Data supplied -
══════════
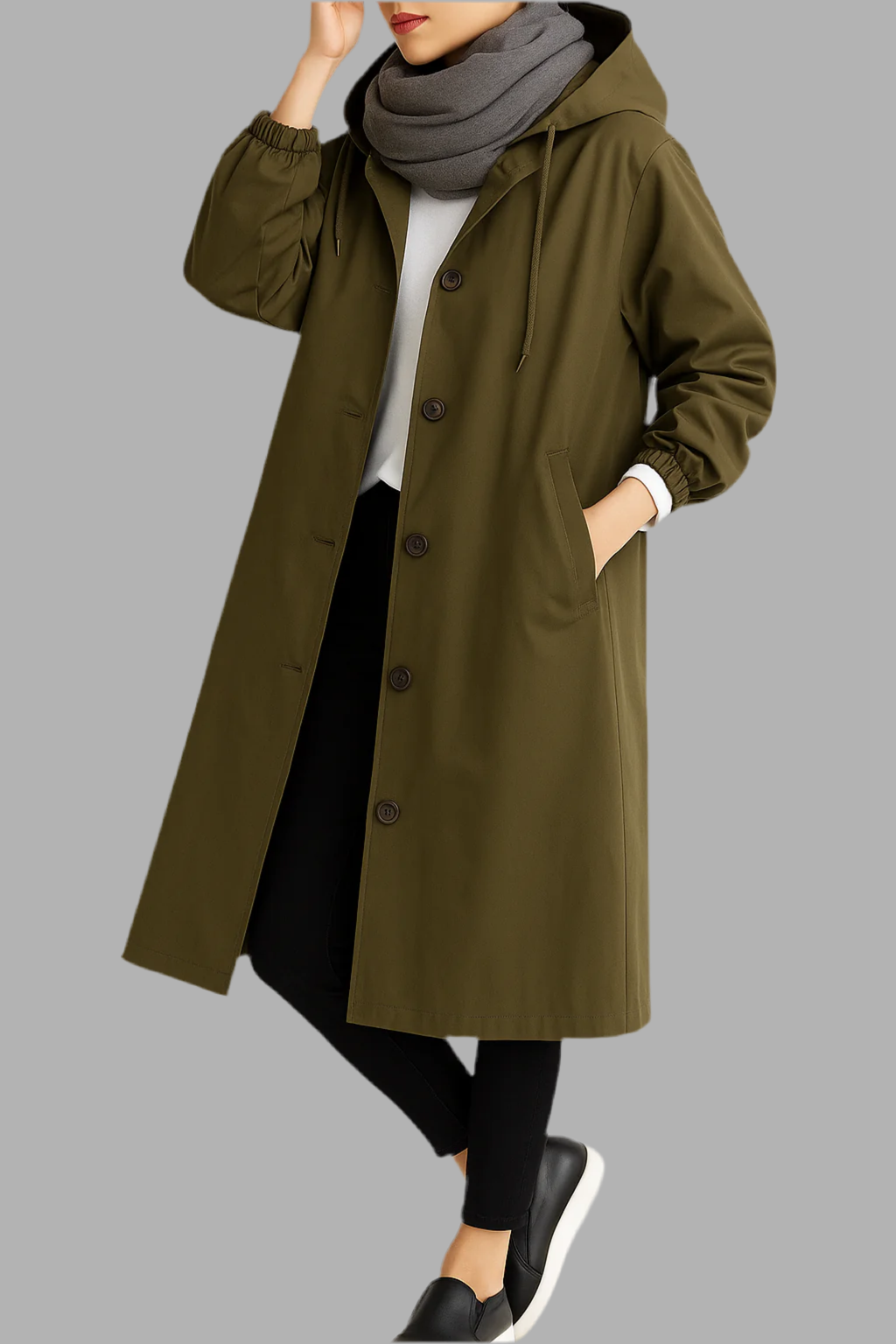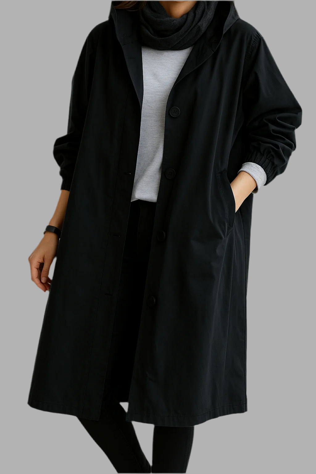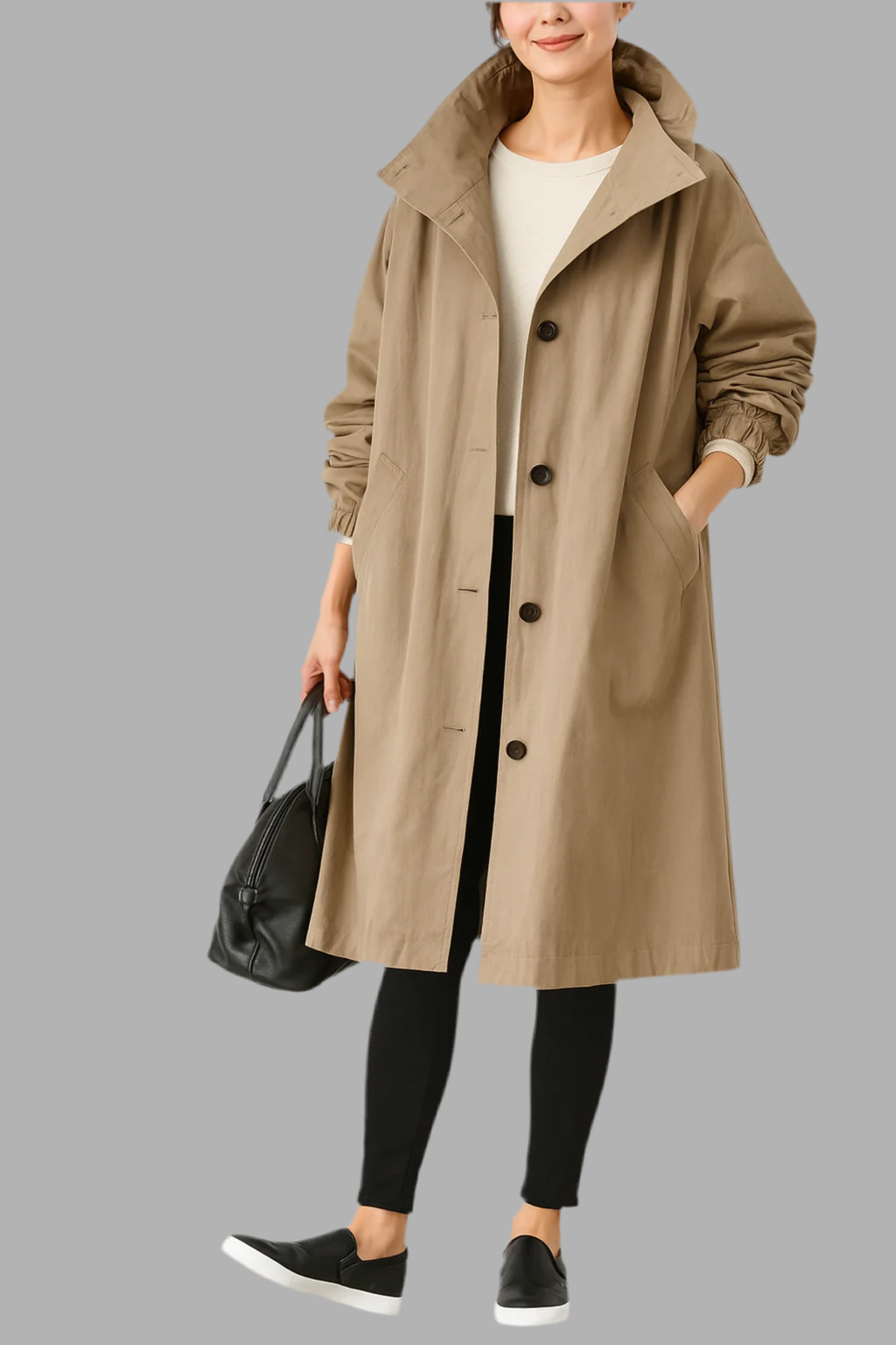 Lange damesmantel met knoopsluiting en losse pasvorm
══════════
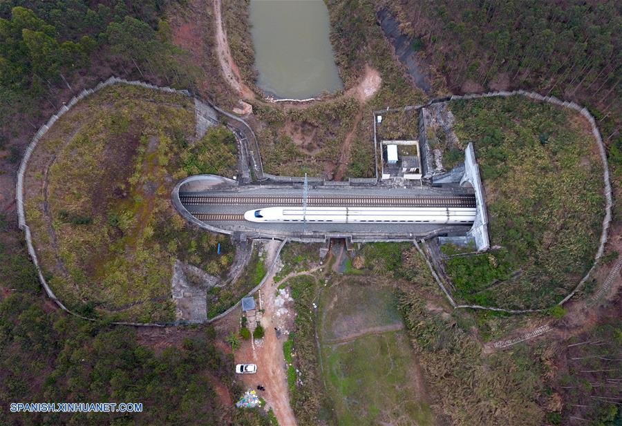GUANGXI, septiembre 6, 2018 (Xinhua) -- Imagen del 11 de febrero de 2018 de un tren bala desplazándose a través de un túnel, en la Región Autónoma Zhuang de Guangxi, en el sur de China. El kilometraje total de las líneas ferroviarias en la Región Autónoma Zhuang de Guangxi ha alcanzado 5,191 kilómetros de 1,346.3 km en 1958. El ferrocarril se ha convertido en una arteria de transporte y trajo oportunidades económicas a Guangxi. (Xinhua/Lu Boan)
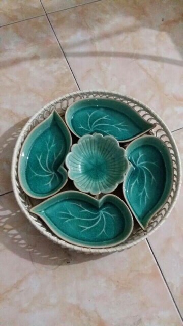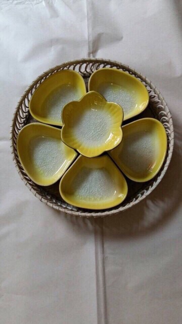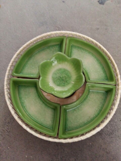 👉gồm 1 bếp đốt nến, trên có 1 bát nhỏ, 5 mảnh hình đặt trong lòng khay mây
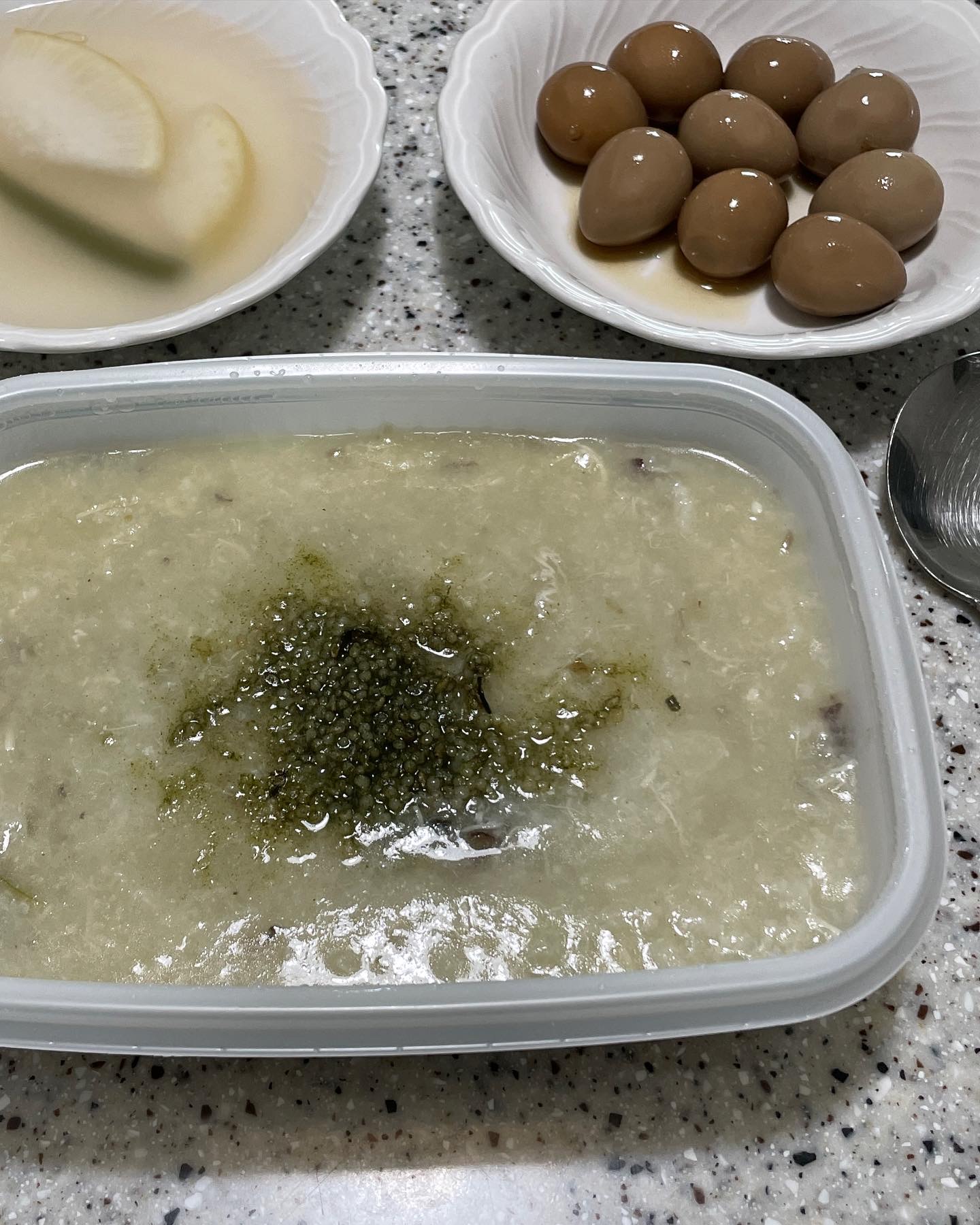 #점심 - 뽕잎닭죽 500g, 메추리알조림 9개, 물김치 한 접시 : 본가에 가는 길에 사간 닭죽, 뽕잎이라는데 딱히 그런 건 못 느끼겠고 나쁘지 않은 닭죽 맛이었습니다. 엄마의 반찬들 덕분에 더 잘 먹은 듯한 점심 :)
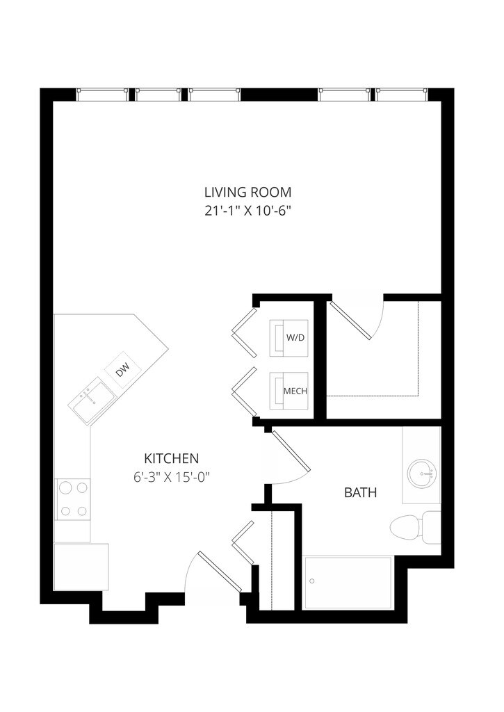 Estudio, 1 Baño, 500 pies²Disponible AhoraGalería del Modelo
══════════
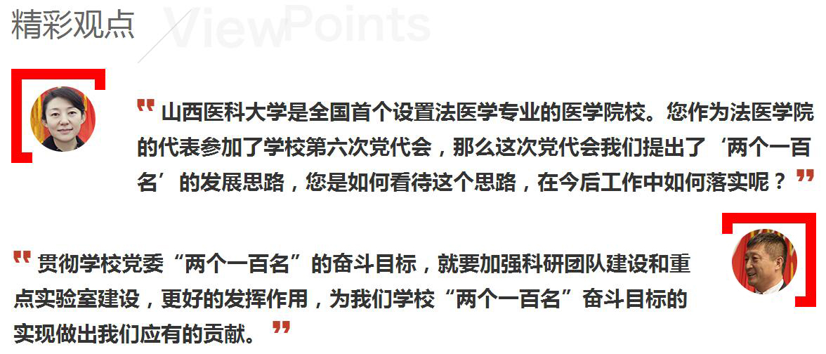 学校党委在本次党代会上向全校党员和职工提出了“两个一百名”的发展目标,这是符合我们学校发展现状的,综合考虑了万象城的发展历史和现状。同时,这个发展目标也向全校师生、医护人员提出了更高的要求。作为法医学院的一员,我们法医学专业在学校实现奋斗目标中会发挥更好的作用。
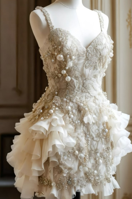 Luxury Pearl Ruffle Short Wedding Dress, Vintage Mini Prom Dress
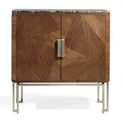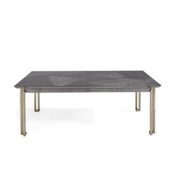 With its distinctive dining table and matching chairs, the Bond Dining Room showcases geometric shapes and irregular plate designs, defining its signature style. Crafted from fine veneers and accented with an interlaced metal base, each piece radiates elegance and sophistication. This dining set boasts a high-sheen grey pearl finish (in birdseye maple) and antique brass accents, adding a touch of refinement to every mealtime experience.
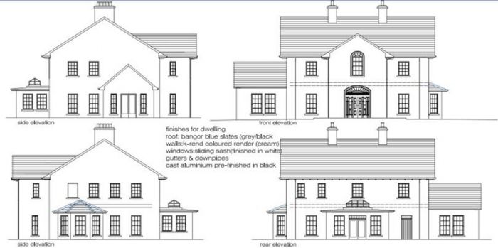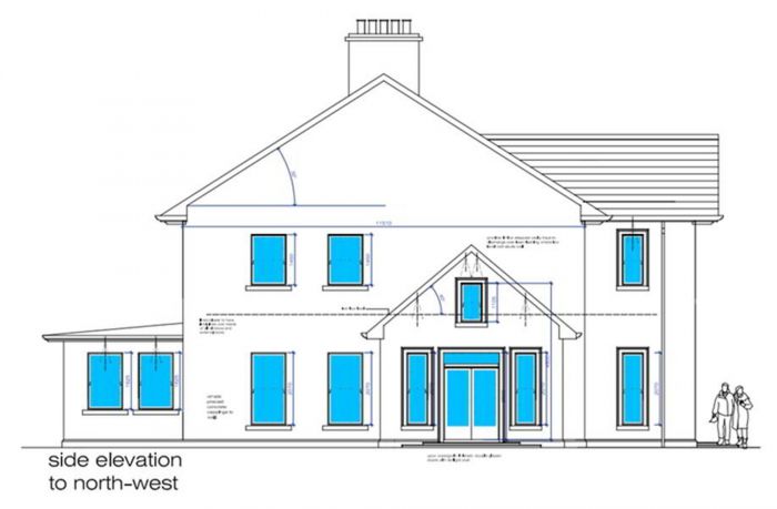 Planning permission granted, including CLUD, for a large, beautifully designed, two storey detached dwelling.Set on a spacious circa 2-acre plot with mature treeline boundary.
══════════
Directions - Out of the records above, set down only the lines from the one that contains "#점심 - 뽕잎닭죽 500g, 메추리알조림" through the one that contains "Estudio, 1 Baño, 500", unchanged and without the pictures.

Answer to this task -
 #점심 - 뽕잎닭죽 500g, 메추리알조림 9개, 물김치 한 접시 : 본가에 가는 길에 사간 닭죽, 뽕잎이라는데 딱히 그런 건 못 느끼겠고 나쁘지 않은 닭죽 맛이었습니다. 엄마의 반찬들 덕분에 더 잘 먹은 듯한 점심 :)
 Estudio, 1 Baño, 500 pies²Disponible AhoraGalería del Modelo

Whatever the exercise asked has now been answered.